June 30, 2004, 01:27 AM
Are there any atomic ray-producing installations nearby? Or a scientist trying to produce a larger food animal?

Cause in the 50's, it was usually one of those to blame, according to the documentaries I see on TCM.

June 30, 2004, 07:21 AM
Coyotes are very interesting creatures, very adaptable. In the north east coyotes will hunt small animals on their own but larger animals like deer they will operate in packs.And 40-50 lbs would not be large for this area, in NY they will run up to about 75 lbs. After all the years of trying to exterminate the coyote , they are doing very well ,they range over most of the country and Canada. Here in NY they replace a small wolf called a brush wolf that was exterminated over 100 years ago.

Dave R
June 30, 2004, 12:55 PM
Hmmmm. I'm criss-crossing Dallas in a car on business today. I can vouch for the fact that there are a LOT of those drainage canals and they are heavily wooded. Looks like ideal habitat.

Wonder what the legalities would be of taking them in the city with crossbow?

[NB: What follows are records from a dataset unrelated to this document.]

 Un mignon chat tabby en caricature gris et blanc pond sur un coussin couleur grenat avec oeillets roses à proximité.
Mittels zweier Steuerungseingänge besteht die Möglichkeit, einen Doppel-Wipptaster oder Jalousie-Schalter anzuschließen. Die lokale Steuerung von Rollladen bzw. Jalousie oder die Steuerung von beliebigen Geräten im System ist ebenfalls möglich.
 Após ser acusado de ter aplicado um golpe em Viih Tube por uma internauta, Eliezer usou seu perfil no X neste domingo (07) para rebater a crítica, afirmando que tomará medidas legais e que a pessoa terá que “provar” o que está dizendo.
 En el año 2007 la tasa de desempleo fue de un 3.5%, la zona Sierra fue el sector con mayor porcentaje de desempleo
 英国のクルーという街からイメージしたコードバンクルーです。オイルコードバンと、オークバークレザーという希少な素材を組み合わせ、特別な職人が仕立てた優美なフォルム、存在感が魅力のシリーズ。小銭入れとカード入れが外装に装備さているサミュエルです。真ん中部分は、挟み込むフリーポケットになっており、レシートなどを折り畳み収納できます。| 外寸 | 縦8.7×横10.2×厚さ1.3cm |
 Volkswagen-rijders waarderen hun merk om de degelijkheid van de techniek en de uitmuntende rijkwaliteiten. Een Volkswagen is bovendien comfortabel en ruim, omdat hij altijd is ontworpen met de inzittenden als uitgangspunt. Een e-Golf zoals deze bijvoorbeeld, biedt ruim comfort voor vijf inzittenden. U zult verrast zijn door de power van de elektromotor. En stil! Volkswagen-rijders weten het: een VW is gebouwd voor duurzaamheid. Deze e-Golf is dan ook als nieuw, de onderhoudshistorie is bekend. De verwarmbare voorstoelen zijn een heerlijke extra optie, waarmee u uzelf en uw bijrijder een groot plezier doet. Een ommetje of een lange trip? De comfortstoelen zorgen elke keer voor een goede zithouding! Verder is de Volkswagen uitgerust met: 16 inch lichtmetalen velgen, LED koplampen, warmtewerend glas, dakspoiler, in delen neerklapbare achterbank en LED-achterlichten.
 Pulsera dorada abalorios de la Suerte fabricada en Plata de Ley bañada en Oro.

Probably a class III misdemeanor or a felony. Not worth it.

Lone Star
July 18, 2004, 09:54 AM
I don't live too awfully far from the Lochwood area of the city, in north Dallas, and haven't personally seen any coyotes, although I know they do live in the city. I HAVE personally seen gray foxes in an afluent neighborhood just off busy Forest Lane in N. Dallas. They seem normal size. I suppose they scavenge dog food, and there are rabbits, 'coons, and squirrels for them to eat. I bet they eat domestic cats, too. And oppossums!

Lone Star

July 18, 2004, 10:03 PM
Nature has natural selection going on. Bigger, stronger, and different is what coyotes can become. They are an adaptable species and it looks like they are adapting well and thriving. Here in NY there are some that are very good sized. A diet heavily supplemented by human food sources will allow for the emergence of a larger coyote. What is the avaerage height for a man in 2004 compared to 1804. Improvement in diet has caused peoples' height to rise on average over the last few hundred years. An improved diet allows for larger members of the species to develop. I think that is what is being seen in the coyote population.

July 22, 2004, 10:38 PM
Claim: Photograph shows a 115-pound coyote killed in New York. (http://www.snopes.com/photos/animals/coyote.asp)

WRONG it is a Grey Wolf - Dog hybrid.

August 13, 2004, 01:16 PM
There are coyotes on many areas of Dallas besides those mentioned.

Free food
No competition
No predation

Perfect deal compared to livin in the woods and having to contend with all that. The city slickers are bigger and have better coats than the country versions.